Randomized Clinical Trial to Evaluate the Regenerative Capacity of CardioCell in Patients With Chronic Ischaemic Heart Failure (CIHF)

Phase 2

Completed

• Conditions: Heart Failure
• Interventions: Drug: Placebos; Drug: CardioCell

• Registration Number: NCT03418233
• Lead Sponsor: John Paul II Hospital, Krakow

Brief Summary

The main objective of the CIRCULATE project is to compare the clinical outcomes of CardioCell administration in treatment of ischemic damages of cardiovascular system with control group, who will receive the placebo.

Detailed Description

The CIHF trial will enroll 105 patients with randomization into active and placebo therapy with 2:1 ratio.

Additional 5-10 subjects meeting inclusion/exclusion criteria will receive, in a non-blinded fashion, labelled CardioCell to determine the early myocardial uptake and retention of IMP.

The primary research question of this project is to check if the administration of CardioCell could improve the clinical outcomes in patients with CIHF. There are several secondary questions, defined by secondary endpoints in each cohort, e.g.: if the investigated treatment is possible to administered, if the investigated treatment and way of CardioCell administration is safe, if it is possible to define any selected subgroup in which the treatment results are significantly different than in whole group.

Study Timeline

• Study First Submitted: 2018-01-25
• Study First Submitted QC: 2018-01-25
• Study First Posted: 2018-02-01
• Study Start: 2018-04-19
• Primary Completion: 2021-01-27
• Study Completion: 2021-03-31
• Status Verified: 2021-04
• Last Update Submitted: 2021-04-08
• Last Update Posted: 2021-04-09

Recruitment & Eligibility

• Status: COMPLETED
• Sex: All
• Target Recruitment: 115

Inclusion Criteria

• Patients aged 18-80 years
• Diagnosis of ischemic heart failure (supported by history of CAD or revascularization by PCI or CABG procedure) without known need for revascularization or feasibility of revascularization
• Substantial chronic ischemic myocardial injury as demonstrated by LVEF ≤45% by SPECT and the clinical stage of NYHA II or III
• At least 50% viable myocardium (SPECT)
• Patency of at least two major coronary arteries and/or bypass grafts supplying their territories (confirmed in angiography within 12 months)
• Clinically stable CIHF for at least 3 months on guideline recommended therapy
• Signed informed consent

Exclusion Criteria

• Other than ischemic cause of cardiomyopathy
• Less than 3 months from any substantial therapeutic intervention (such as, e.g.
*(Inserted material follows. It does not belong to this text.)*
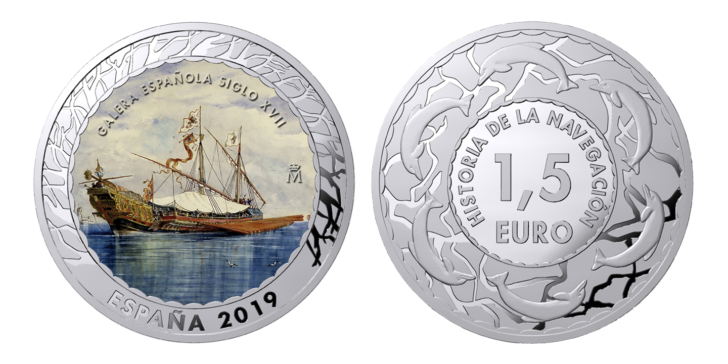 Esta moneda muestra en su anverso la imagen de la obra titulada "Renacimiento. Grandes galeras siglo XVII. Acuarela", que se conserva en el Museo Naval de Madrid.
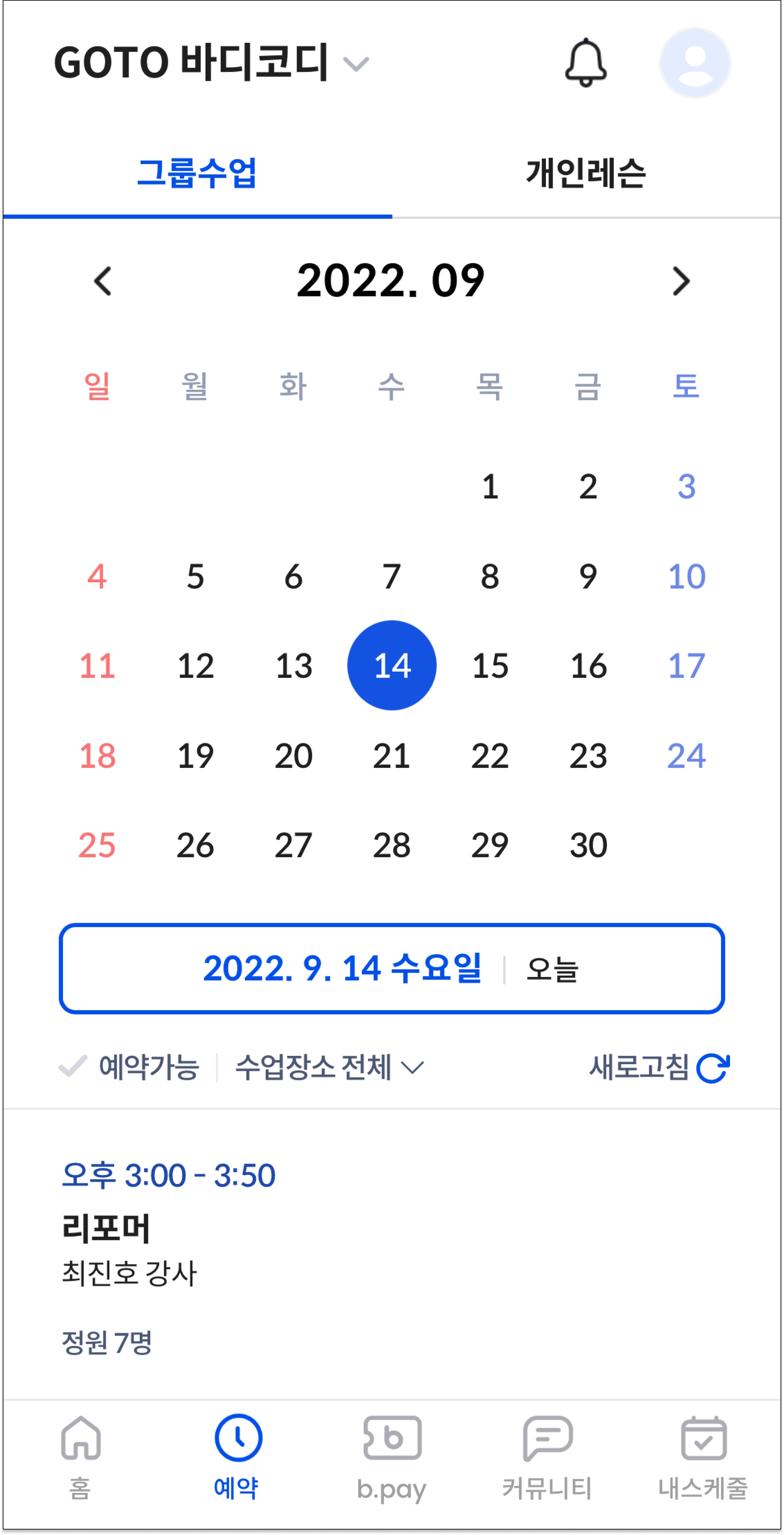 개인레슨처럼, 하단의 예약 메뉴를 눌러 수업 예약화면으로 이동하고, 달력에서 예약할 날짜를 선택해주세요.

CRT/ICD fitting or revascularization)
• Less than 3 months from ACS
• BMI lower than 18 or greater than 45kg/m2
• Severe valvular heart disease or left ventricle aneurysm requiring aneurysmectomy or other structural interventions
• Candidate for heart transplantation
• Active or any history of malignancy or tumor
• Moderate or severe immunodeficiency
• Chronic immunosuppressive therapy
• Acute or chronic infection
• Coagulopathies
• Known alcohol or drug dependence
• Severe renal dysfunction (eGFR<20mL/min)
• Soft tissue disease or local infection in a place of required artery puncture
• Pregnancy or breastfeeding
• Females of childbearing potential who do not use a highly effective method of contraception
• Females of childbearing potential in absence of a negative highly sensitive urine or serum pregnancy test
• Participation in any other clinical research study that has not reached the primary efficacy endpoint or otherwise would interfere with the patient's participation in this project
• Life expectancy < 12 months
• Any objective or subjective reason for inability to attend follow-up visits
• Any concurrent disease or condition that, in the opinion of the investigator, would make the patient unsuitable for participation in the project

Study & Design

• Study Type: INTERVENTIONAL
• Study Design: PARALLEL

Arm && Interventions

Group	Intervention	Description
Control Group	Placebos	Patients randomized to the placebo group will receive Placebos consist 0.9% NaCl and 5% albumin injections (in the same volumes as CardioCell) via the coronary arter(ies)/bypass grafts. The CardioCell and placebo are distributed encoded, in an indistinguishable form.
Active Group	CardioCell	Patients randomized to the active treatment group: Transcoronary or trans-bypass graft administration of CardioCell consist 30 000 000 cells (suspended in 20 ml of 0.9% NaCl and 5% albumin) will be performed using a dedicated cell delivery catheter. The cell delivery catheter is a typical coronary balloon catheter that is CE marked (1.2x10 mm balloon, RX system) modified to include cell delivery perforations in the balloon section of the catheter. The cell delivery catheter has been demonstrated not to affect cell viability or other cell properties.

Primary Outcome Measures

Name	Time	Method
Left ventricle ejection fraction (LVEF) increase	6 months FU	Left ventricle ejection fraction (LVEF) increase, assessed by SPECT at 6M FU vs. during index (baseline) imaging - comparison between two groups (active vs placebo therapy).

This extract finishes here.